I can’t see colors too well, I have anomalous trichromacy vision which means my reds and greens don’t look like yours, what else? I broke my neck once, C-5 and C-6 are “moderately out,” that’s the time I dislocated three ribs from my spine and sent one through my lung—it hurt! Ailments, there’s more, I’m thinking. I’m allergic to avocado—not an ailment but I can’t eat them and, according to everyone else, I’m really missing out.

Glasses, that’s another one, my eyes are 20/270 or something like that which means I’m legally blind in one eye. I wear glasses but only one lens is magnified. Whenever someone says “can I see?” When they look through my glasses, their reaction is pretty funny as they jump backwards and quickly remove them from their face. There’s more, I just can’t think of them all right now.

My point is, I wouldn’t trade any of it. If all of my ailments awarded me a sharp mind with a mouth that can keep up with it, I’ll take the ailments. My fear is losing it.

People fear not having drinking water tomorrow. Someone reading this might be in the middle of a refinance and denial means no college tuition for someone. Terminally ill relative or maybe you’re terminally ill, maybe you’re a woman who’s hair is falling out and it scares you. Your kid’s in trouble with the law, you borrowed more than you can afford, bit off more than you can chew, layoffs. I fear losing my mind.

We’ve all seen them, could you imagine?! It looks terrifying. Each time I see someone elderly and mentally incapacitated, whether man or woman, usually they’re in a wheelchair at that point and they’re staring off at something that just isn’t there anymore. Confined to a wheelchair, trying to hold their head up with a wrist bent at 90 degrees and it’s twitching like advanced hypothermia. If I drooled on myself in public today—mortified. I’d be so embarrassed should anyone spot me before my immediate reaction to clean myself up. I always wonder if they know they’re drooling and are just completely incapable of controlling it. Are the thoughts still there but the mouth can’t keep up or is the mouth the only thing left? A little bit of both maybe, a lot of both? I fear not being able to think about these things.

How sharp or accomplished was this man or woman before they were confined to this chair—did it come on suddenly or gradually? I’m always curious what their career was, where their family is, and just how much knowledge is in their brain that simply isn’t accessible anymore. I fear being this story’s inspiration.

Ever thought about it? Either you have or you’re “it’ll never happen to me” each time you pay them no attention as you vaguely observe them out of the corner of your peripheral. I think about these things. Wheelchairs and shaky wrists don’t concern me, not yet, not to say they won’t at some point, God I hope not.
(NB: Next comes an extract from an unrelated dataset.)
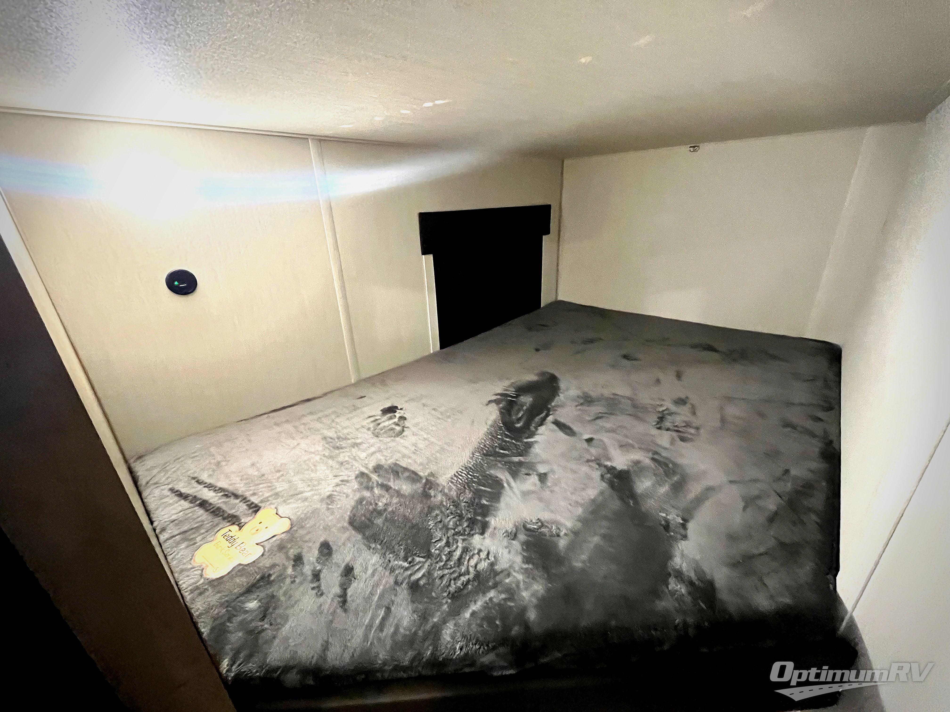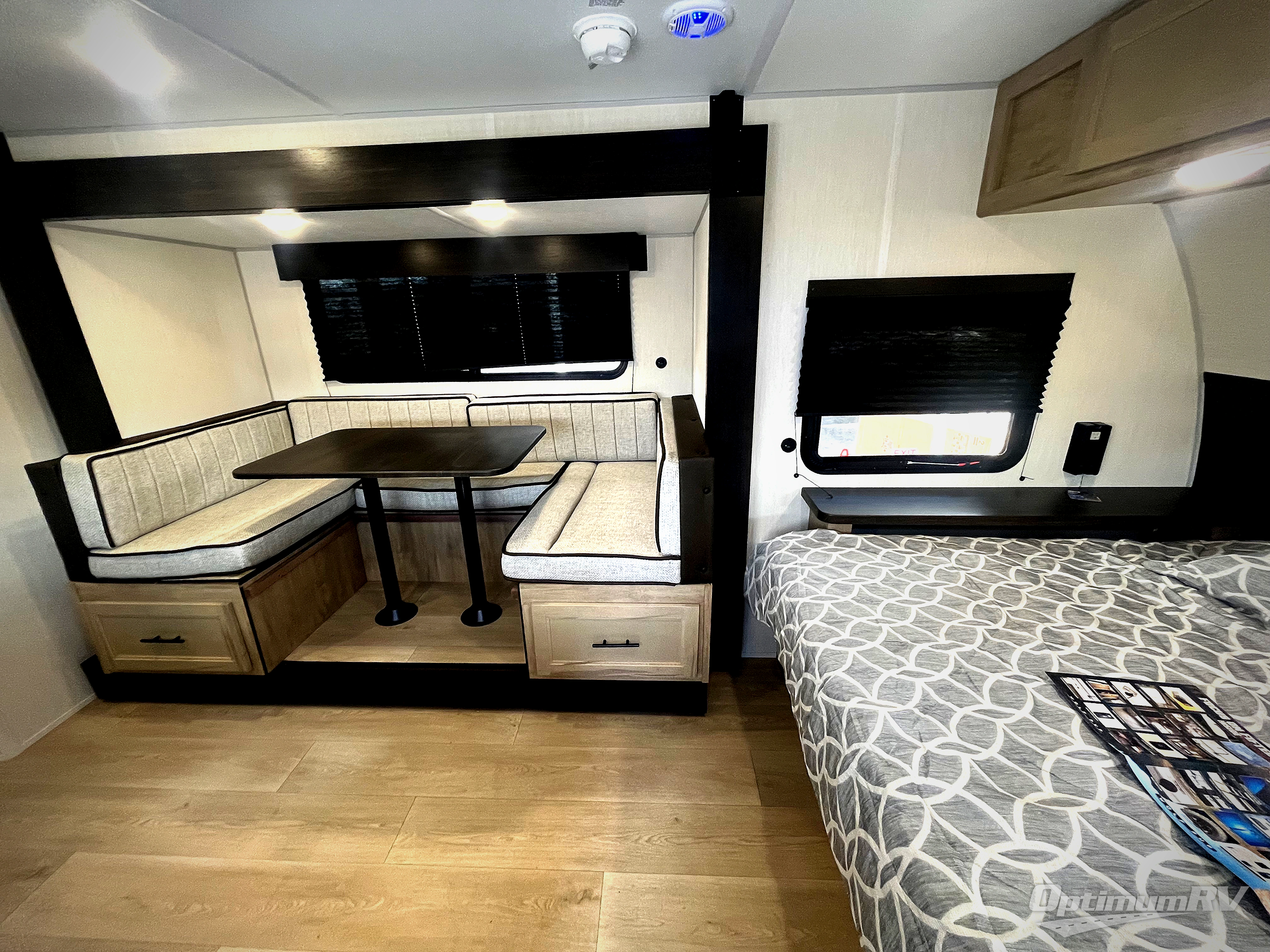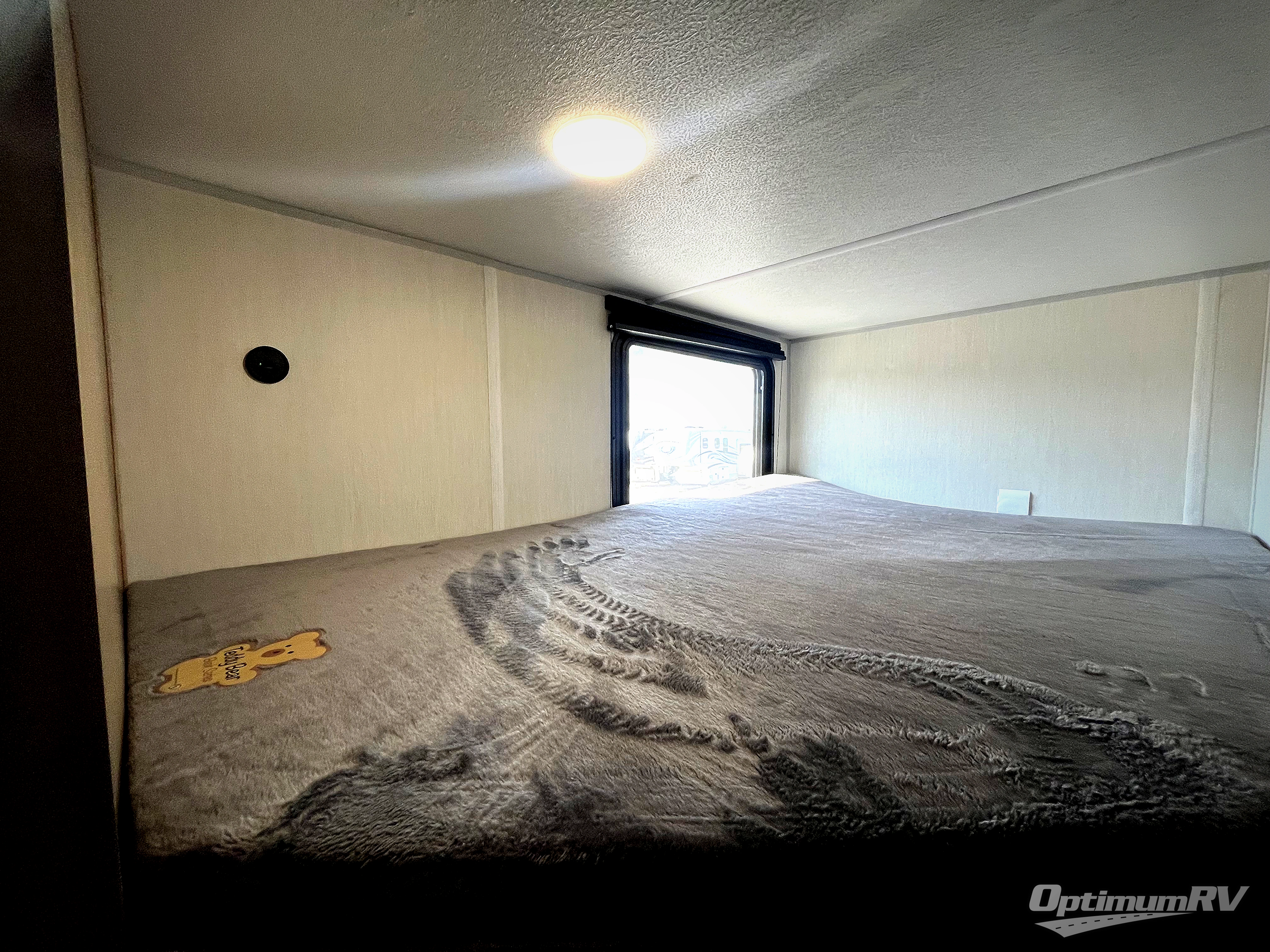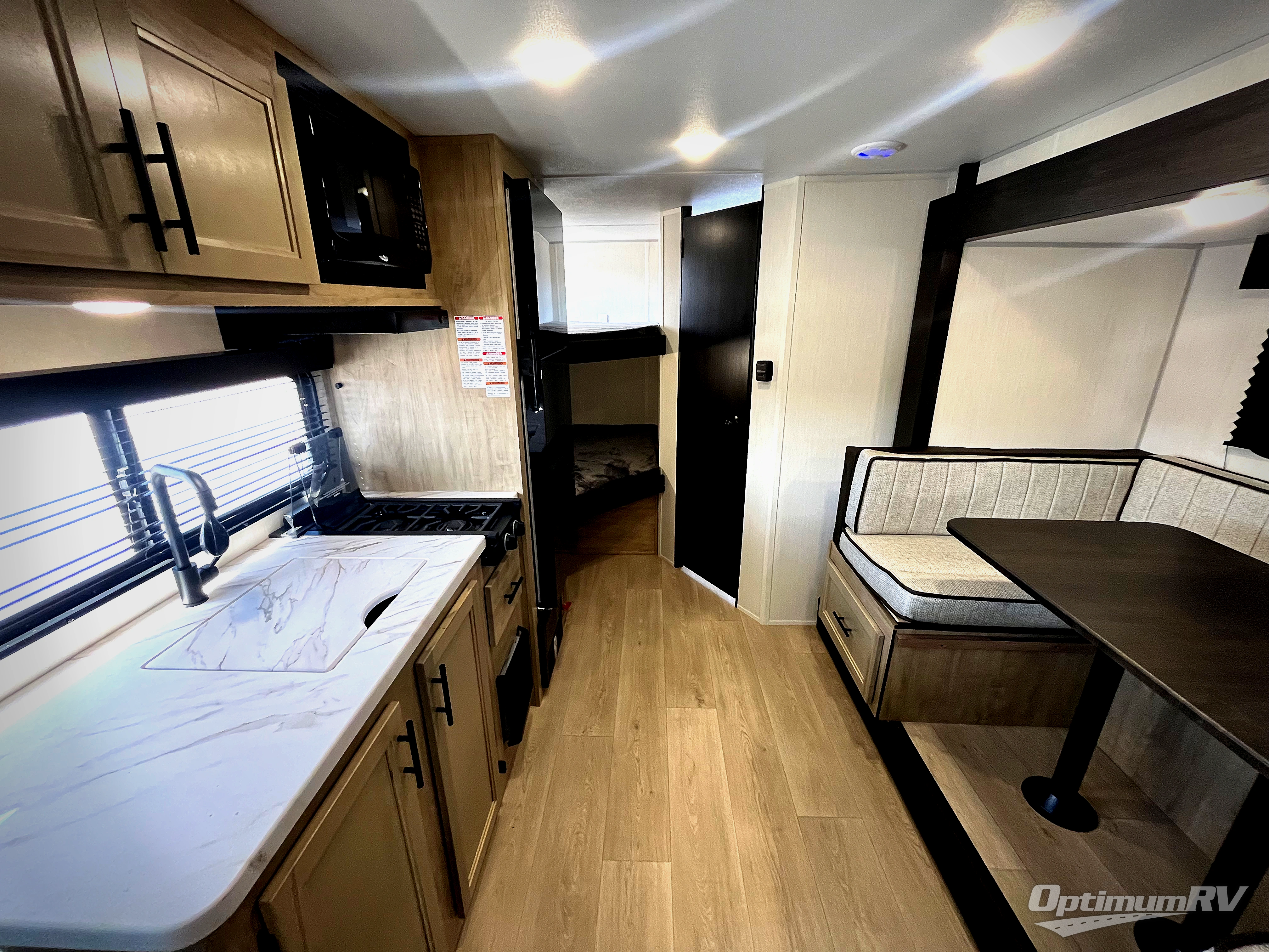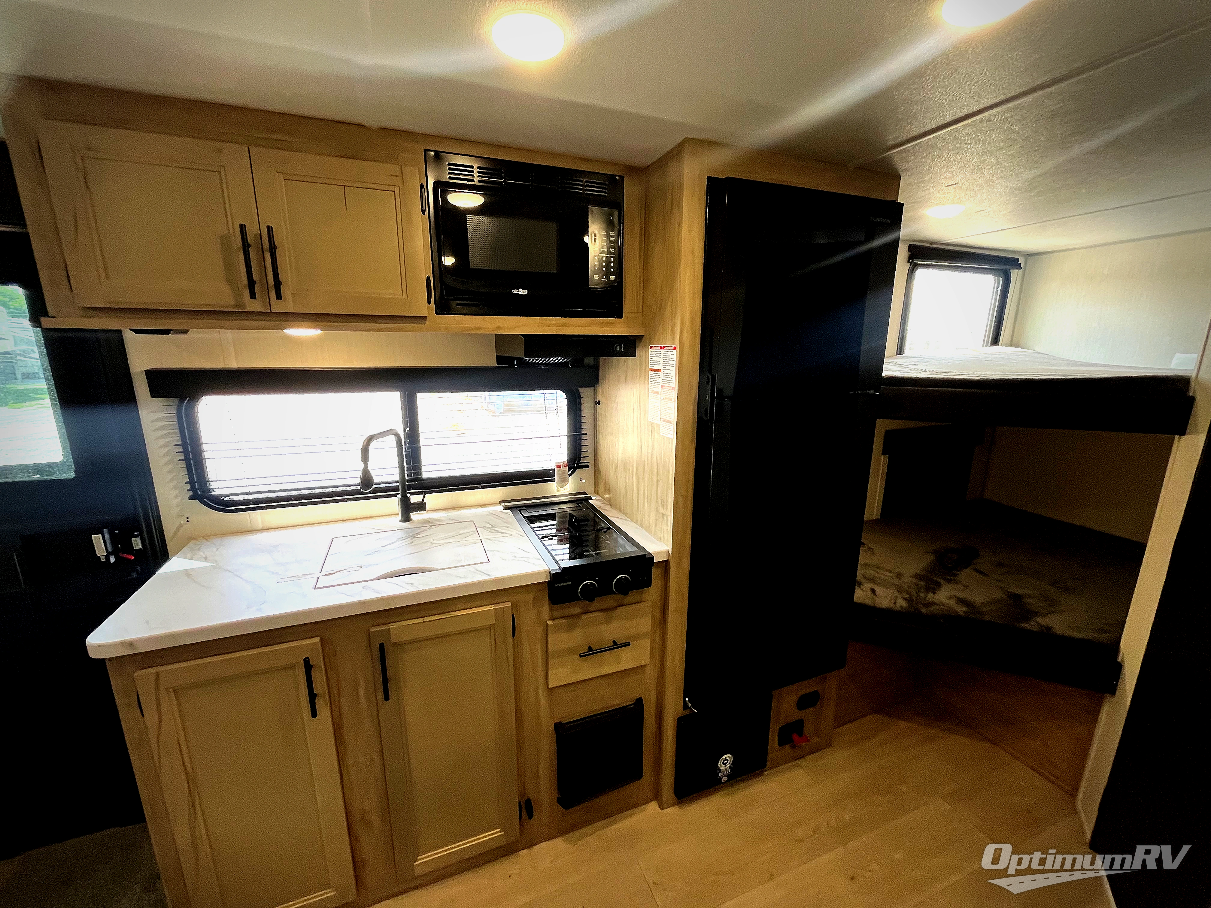 This family travel trailer is ready to head to the campground whenever you are! The kiddos can sleep on the set of double-size bed bunks, and you can sleep on the front queen bed, plus the U-shaped dinette slide can also transform into an extra sleeping space when you aren't using it to enjoy a meal prepared with the cooktop. You can also prepare your delicious meals at the outside mini kitchen and stay protected by the power awning. The exterior not only has outside storage and an outside TV mount but also features an outside storage plus door for access to the storage space underneath the bottom bunk bed. The rear corner bath allows everyone to stay clean and refreshed while you camp.

I’ve been acquiring arthritis for quite some time now but to say I’m afraid of those things happening, at this moment, ‘not really’ would be accurate. Not able to communicate, unable to do things like put this article together or, I don’t know, ‘talk,’ hold my head up by myself or feel self awareness and remain in control of my own self is fear worthy. Gnashing of teeth type fear.

As I evolve, commercials become clearer, know what I mean? As a kid, I didn’t notice things like political advertizements and all of those symptoms at the end of medication commercials. I only heard Toys R Us and “my buddy.” Eventually things like toothpaste commercials stand out, shoe sales, concerts—concert advertizements as a kid didn’t matter, fireworks and Hotwheels did. There was a time liquor sales got my attention. I’m at the age now when I hear investing or investment options I’m likely to pay attention, not that I’ll move forward with it or anything, I just hear it now. I guess what I’m trying to say is, there’s a whole aisle at the market dedicated to liquid absorbing drawls for seniors and I #love ❤️ not knowing where it is.